様々な歴史的遺産の絵画や書などを掛け軸にすることは、見慣れたものですが、でもこうして、作家の強い意志の元に置いて表装されると、何故か違和感のようなものを感じてしまうのも、とても不思議に思いました。修復では無く新たな作品として文脈を転換されている事への違和感なのかよく分かりませんが。
仏像なども全て四周から見ることの出来る展示となっていて、本来宗教的空間の中では対峙して、バイアスの掛かった関係の中で見るべきものが、そのような関係性を解体されているところ、例えば最近の阿修羅像の展覧会での展示の有り様にも共通した感覚があると思いますが(興福寺の展示室では、対峙する関係性の展示で、背面は見えません)そこにある眼差しは、大袈裟に言えば、ある意味においてあらゆるカテゴリーの解体に繋がる意識とも取り得る関わり方なのかと感じますね。そのことと、自己の作品と歴史的遺産や様式とのつながりの意識や、自己観の解体とは、どこか違うようにも思います。(中略)杉本さんの海景は、彼がサンプルと呼ぶさまざまな遺物や仏像などが、本来の布置の有り様から切り離されて、自由な見取りを可能にしているのに対して、自身の作品においては、写真の限界でもあるけれど、ある視点が明示されていて、展示空間も湾曲した壁面に展開されているので、こちらはそれに順化するしかないような、バイアスの掛かった、関係性となっている。歴史的遺物や仏像などのバイアスの掛かった関係性を解体していくのであれば、それと同時に自己の作品と鑑賞者の関係も、解き放つものである事が望まれるのでは無いだろうか?。

杉本博司 歴史の歴史展
http://d.hatena.ne.jp/prader-willi/20090517/art

乃村拓郎さんのメインの展示室の構成を観ていて、杉本氏の展覧会を思い出したのですが、構成として本来バイアスの掛かった布置関係の仏像等と観客との関係を解体することと、自分の写真作品のテリトリーにあっては、バイアスの掛かった関係性を設定していることの共通性からだと思いますが、でもどこか違うとも感じました。

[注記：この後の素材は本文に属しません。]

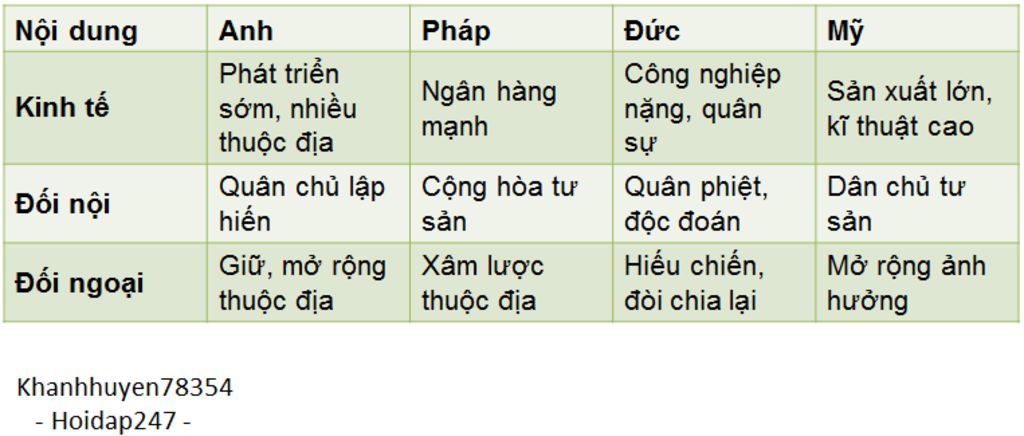 hãy lập bảng so sánh (điểm giống nhau và khác nhau) về kinh tế ,chính sách đối ngoại ,đối nội nổi bật của các đế quốc Anh, Pháp, Đức, Mỹ
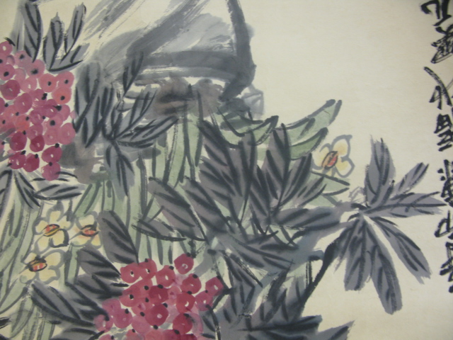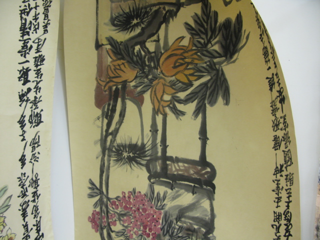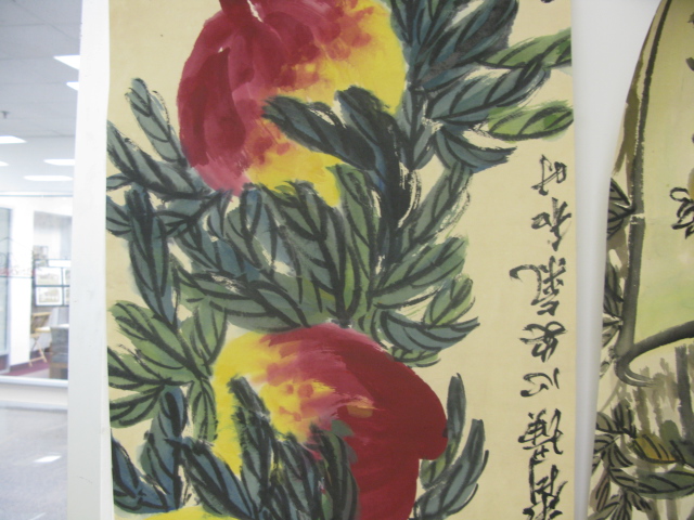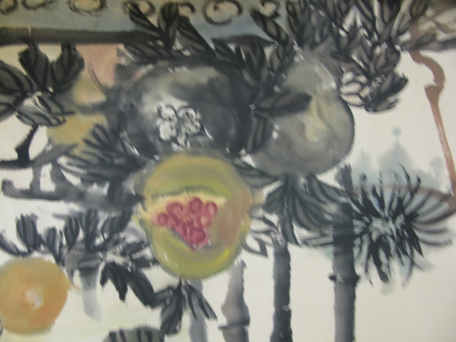 Three Oriental paintings peaches, blossoming tree and potted plants.
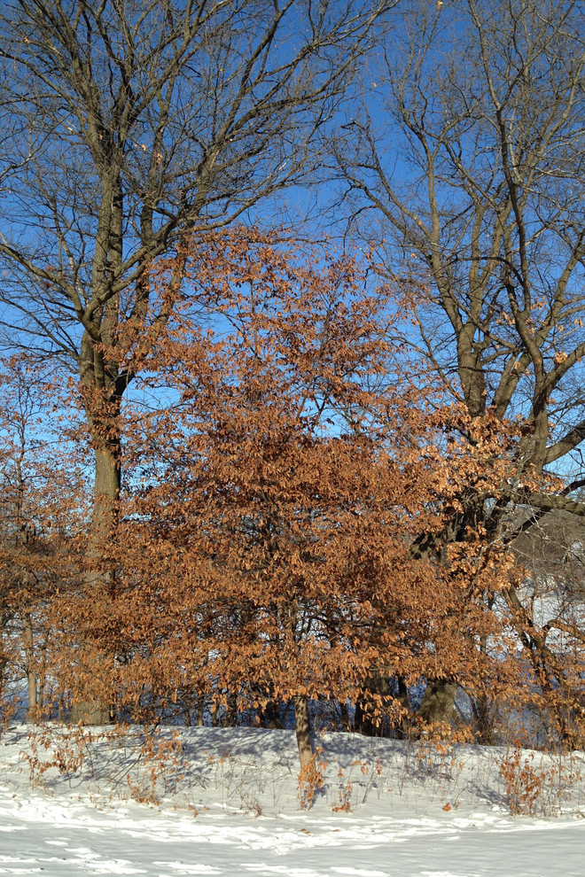 Hop hornbeam holds its leaves through the winter, providing interest.
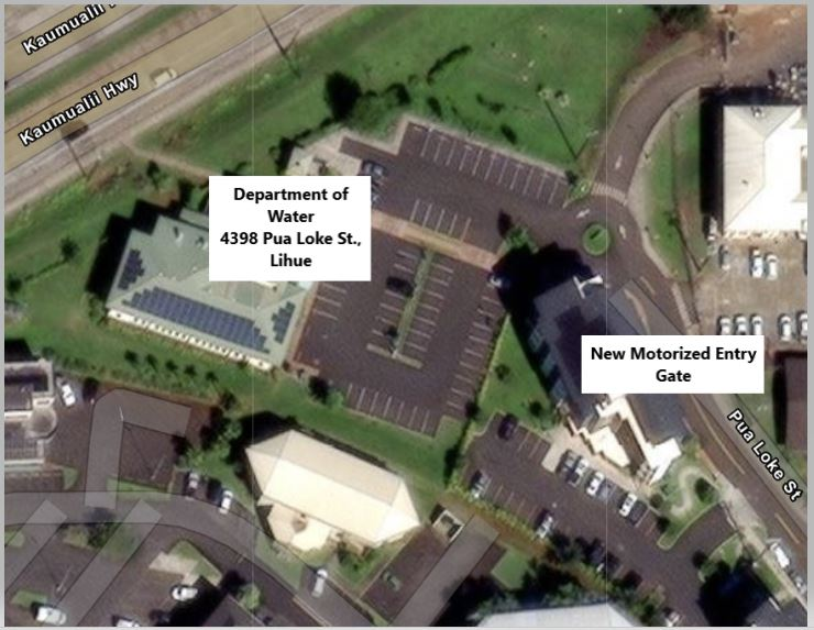 LĪHU‘E – The Department of Water (DOW) has completed construction of its new, motorized entry gate to the main entrance of its administrative building’s parking lot. The bill payment drop box located in the DOW parking lot, at 4398 Pua Loke Street in Līhuʻe, will be accessible from Monday through Friday, 6 a.m. to 4:30 p.m., except holidays.
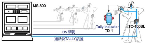 MS-800整體架構中并配備ITC-100通話系統,作為導播人員與攝影人員之通話聯系,互相溝通取得最佳拍攝場 景或互動方式,讓作業得到最佳的默契配合。
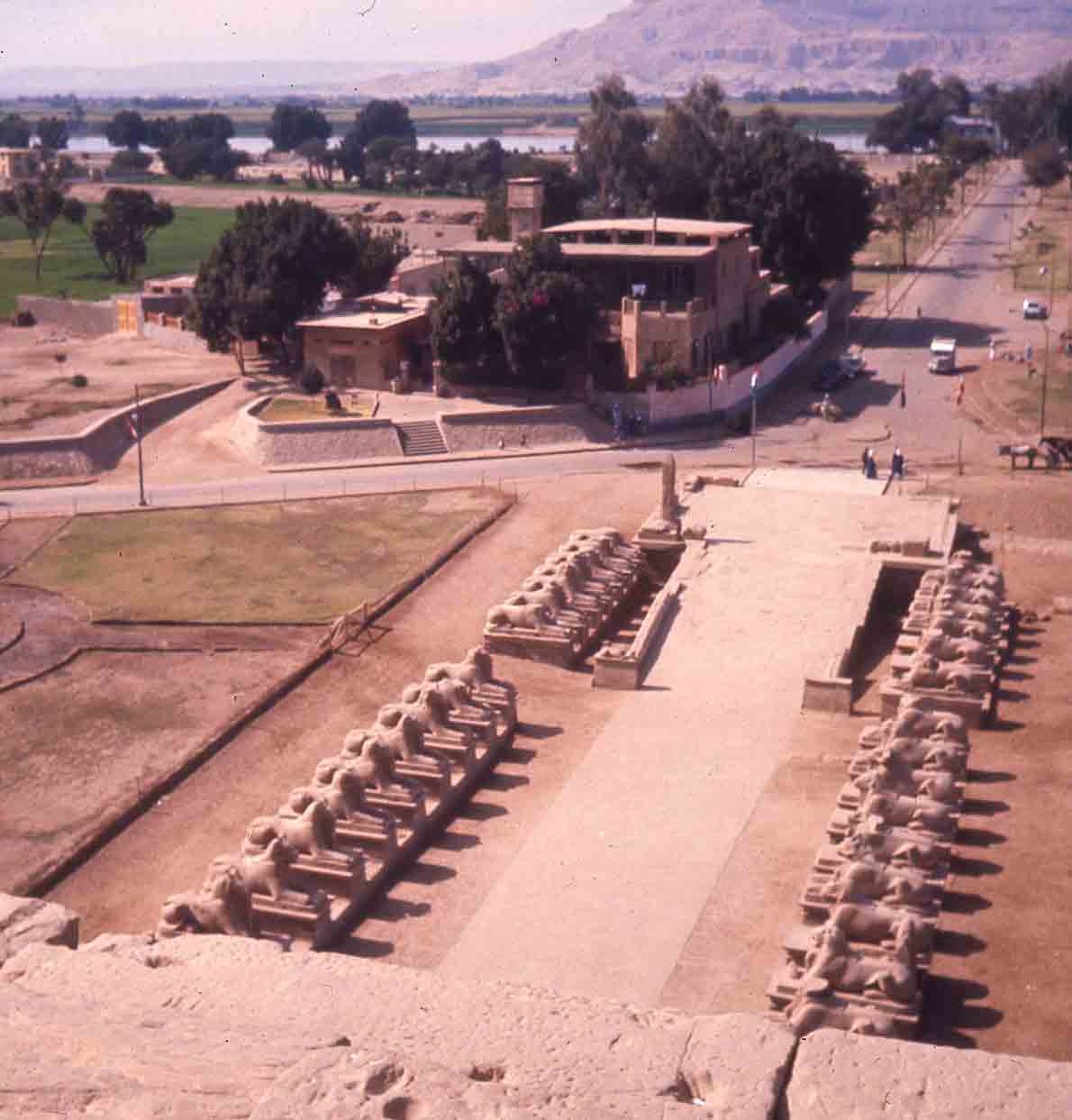 Photo prise du haut du temple d'Amon, à Karnak. On y voit l'allée des Sphinx et une route de Louxor, menant au temple.

その違いは何故感じるのか、山中さんから写真の作り方について解説をお聞きして、理解の手懸りを得たように思います。
会場に置かれた自然石と一対一の関係で撮影されてサイズアップされた写真は、一瞬ごく普通の写真に見えてきますが、一焦点のレンズから得られるクオリティとは異なり、絵画の特権のように全ての部分にクリアーに焦点が当っています。
(山中さんから、「アンドレアス・グルスキー展」(2014年2月の国立国際美術館)の写真の作り方もほぼ同じ方法らしく、分割してすべての部分に焦点を当て、再構成する方法との事)
乃村さんの自然石とその写真、そして樹木の断片の周囲を巡る構成は、視覚認知のバイアスの設定の有無に関わらず、世界の全体像の獲得の困難さへの誠実な態度とも感じるし、困難であっても、様々に試行することに意味はあると述べているようにも感じました。

2回拝見して、奥の和室のオブジェに触れる体験を通して、さらに試行されている部分を感じました。
日常使いの器のような様相のオブジェを台座のような長い板から手に取ると、安定していると思い(思い込んでいる)台座が揺れて、何個か置かれているオブジェが転がって落ちて破損するのではと、一瞬の緊張が襲います(実際には陶器のように見えるオブジェはフェイクで転がり落ちるほどの揺れも生じない設えとなっている)
手でオブジェを持ち上げるという、皮膚感覚と、視覚認知との一致による安心感が、不意に台座が揺れる事で、視覚認知を支える座標系が揺らぎ不安定化していくような。
(それはrebher hand illusionと呼ばれる触覚のような体性感覚と視覚の一致が、隠蔽された自身の手ではなく、目の前に置かれたゴム製の手に感覚を感じてしまう幻覚と、どこか似ている印象。不安定な環境対象としての道具と身体が同一化していくような)

皮膚感覚が大きさを必要としない世界であり、視覚の世界は大きさを必要とすると分離して考えていたけれど、ここでは視覚と皮膚感覚が境界線が重なるようなものとして見えてくる。
とても刺激的な作品群、感謝です。